+++ Records +++

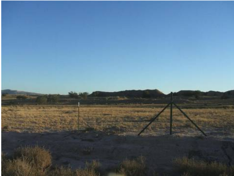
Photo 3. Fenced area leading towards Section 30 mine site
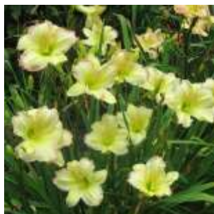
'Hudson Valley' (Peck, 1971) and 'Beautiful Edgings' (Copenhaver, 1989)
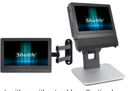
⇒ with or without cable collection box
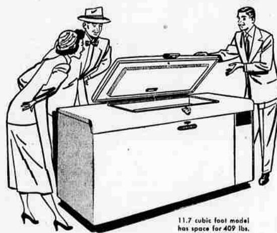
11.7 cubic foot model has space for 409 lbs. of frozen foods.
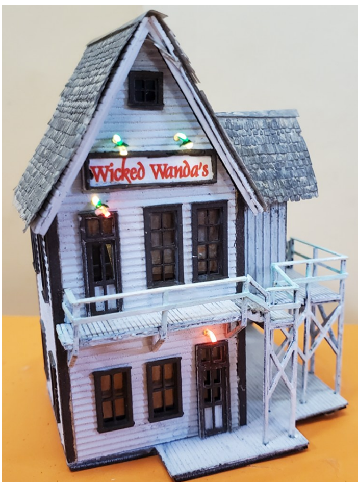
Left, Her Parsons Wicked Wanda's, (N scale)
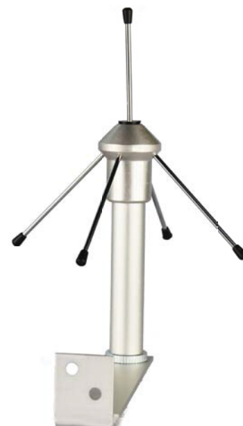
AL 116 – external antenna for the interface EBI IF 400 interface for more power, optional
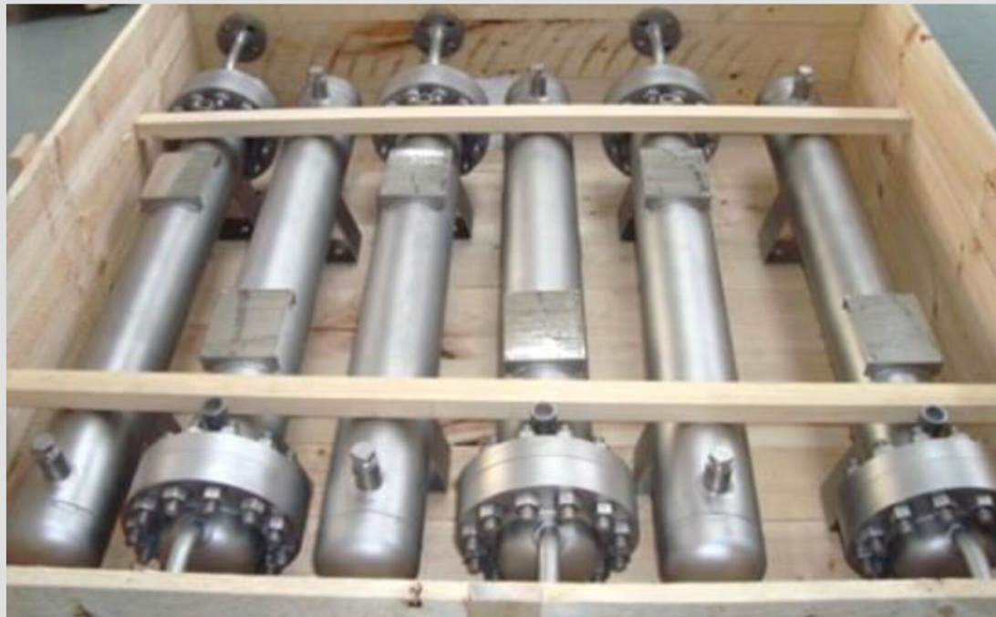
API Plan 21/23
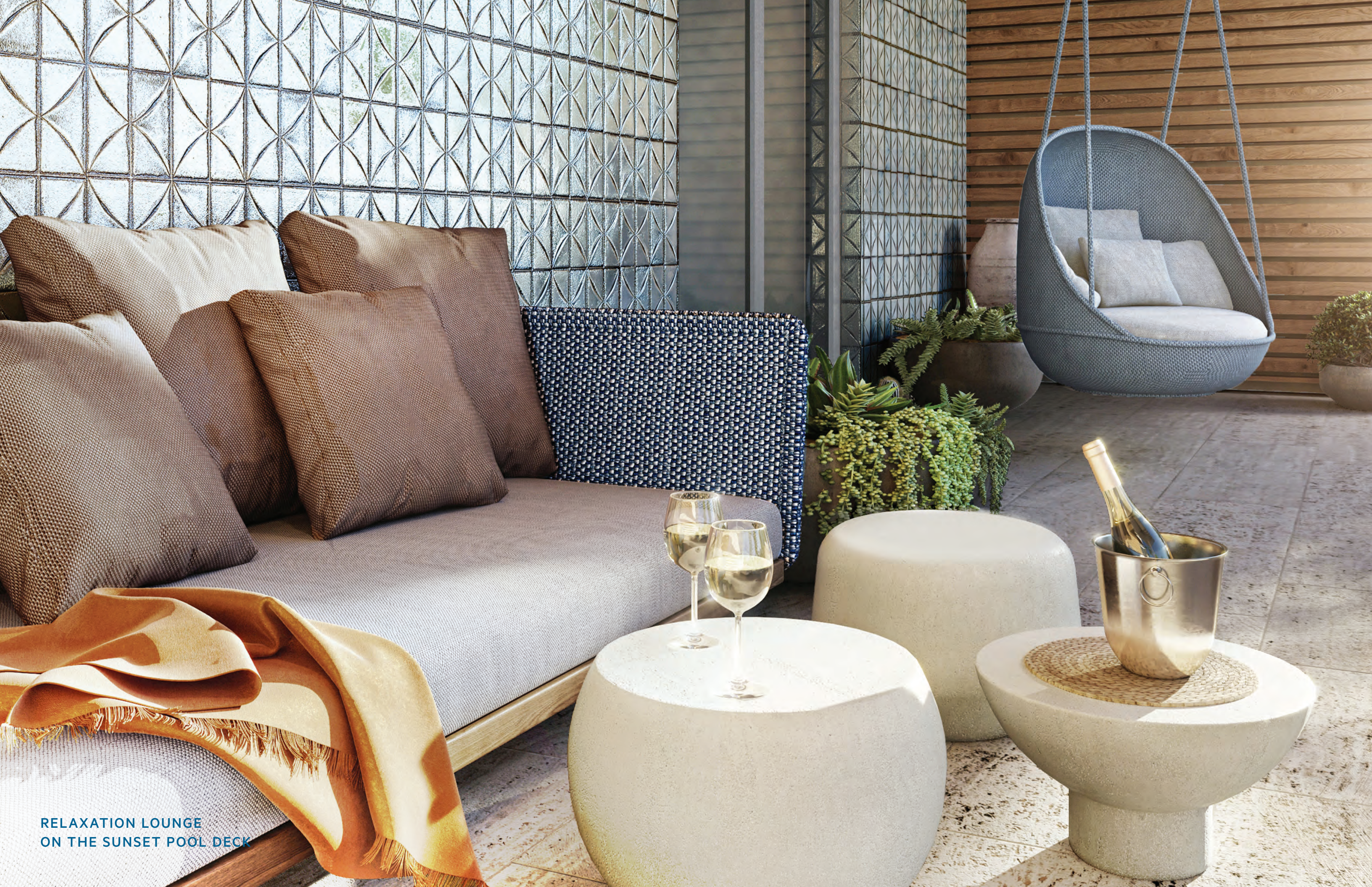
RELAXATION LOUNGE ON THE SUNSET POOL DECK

+++
+++ Records +++

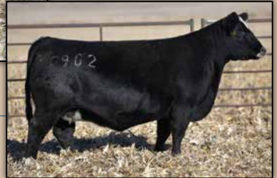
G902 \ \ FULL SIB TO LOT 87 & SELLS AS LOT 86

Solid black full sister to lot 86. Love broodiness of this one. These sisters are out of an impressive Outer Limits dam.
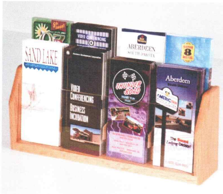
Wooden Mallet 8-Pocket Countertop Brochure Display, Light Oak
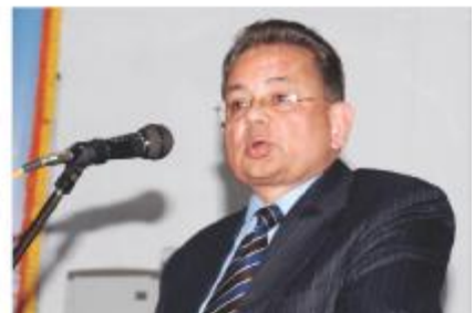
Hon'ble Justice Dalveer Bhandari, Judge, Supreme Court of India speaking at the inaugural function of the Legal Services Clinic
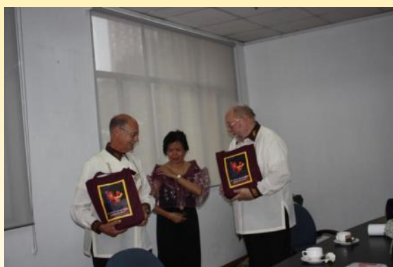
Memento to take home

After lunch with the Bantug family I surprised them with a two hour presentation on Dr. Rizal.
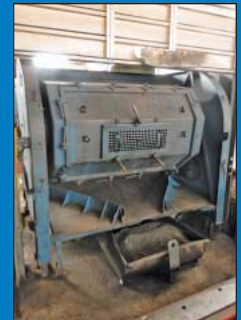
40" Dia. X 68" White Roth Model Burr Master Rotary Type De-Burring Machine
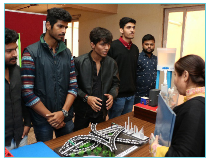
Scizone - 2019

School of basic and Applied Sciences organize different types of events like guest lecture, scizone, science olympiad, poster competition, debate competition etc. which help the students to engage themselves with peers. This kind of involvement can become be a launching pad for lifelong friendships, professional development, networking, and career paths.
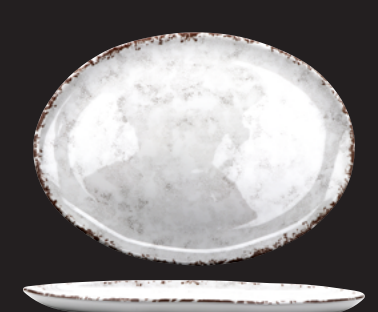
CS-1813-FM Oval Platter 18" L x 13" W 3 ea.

+++
+++ Records +++

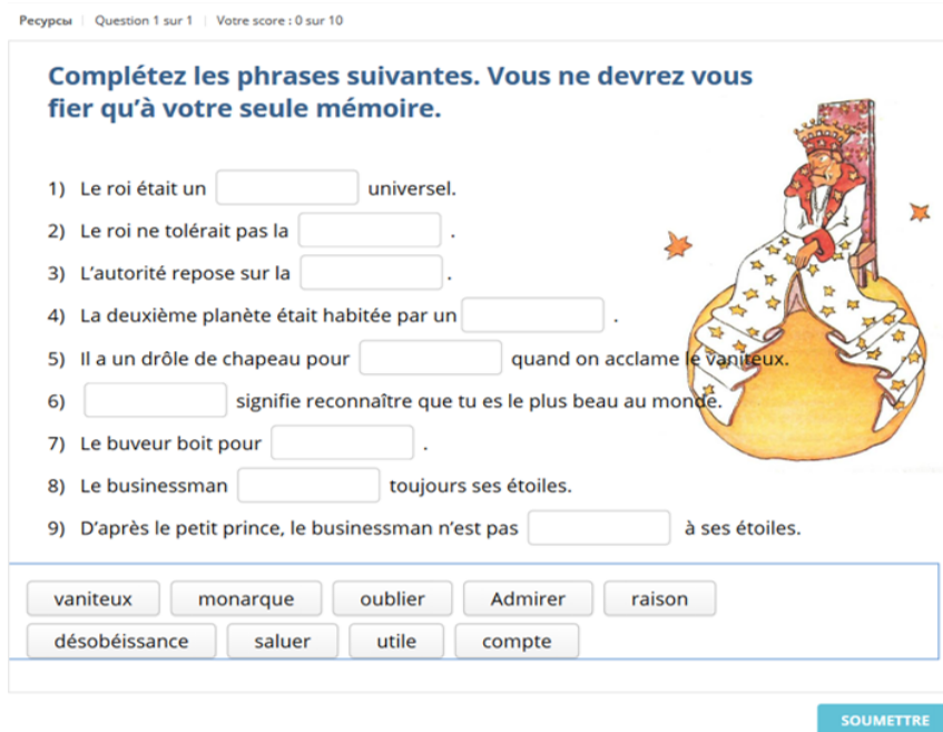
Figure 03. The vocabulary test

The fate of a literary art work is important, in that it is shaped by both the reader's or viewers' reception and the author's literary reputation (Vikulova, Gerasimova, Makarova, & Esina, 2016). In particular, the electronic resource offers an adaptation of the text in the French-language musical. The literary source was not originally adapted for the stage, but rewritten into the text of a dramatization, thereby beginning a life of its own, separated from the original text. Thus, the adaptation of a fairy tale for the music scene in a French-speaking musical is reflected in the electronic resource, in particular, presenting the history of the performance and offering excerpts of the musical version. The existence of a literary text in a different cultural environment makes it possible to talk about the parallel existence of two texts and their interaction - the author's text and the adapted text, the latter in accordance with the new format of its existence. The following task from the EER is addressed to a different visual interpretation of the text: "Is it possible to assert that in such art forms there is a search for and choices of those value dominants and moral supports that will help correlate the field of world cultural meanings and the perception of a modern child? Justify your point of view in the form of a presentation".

+++

__Work order__. In the records above, find the line with "School of basic" and the line with "CS-1813-FM Oval Platter". Write out exactly those lines and every one between, with no pictures and no other lines.

__Answer to the exercise__.
School of basic and Applied Sciences organize different types of events like guest lecture, scizone, science olympiad, poster competition, debate competition etc. which help the students to engage themselves with peers. This kind of involvement can become be a launching pad for lifelong friendships, professional development, networking, and career paths.
CS-1813-FM Oval Platter 18" L x 13" W 3 ea.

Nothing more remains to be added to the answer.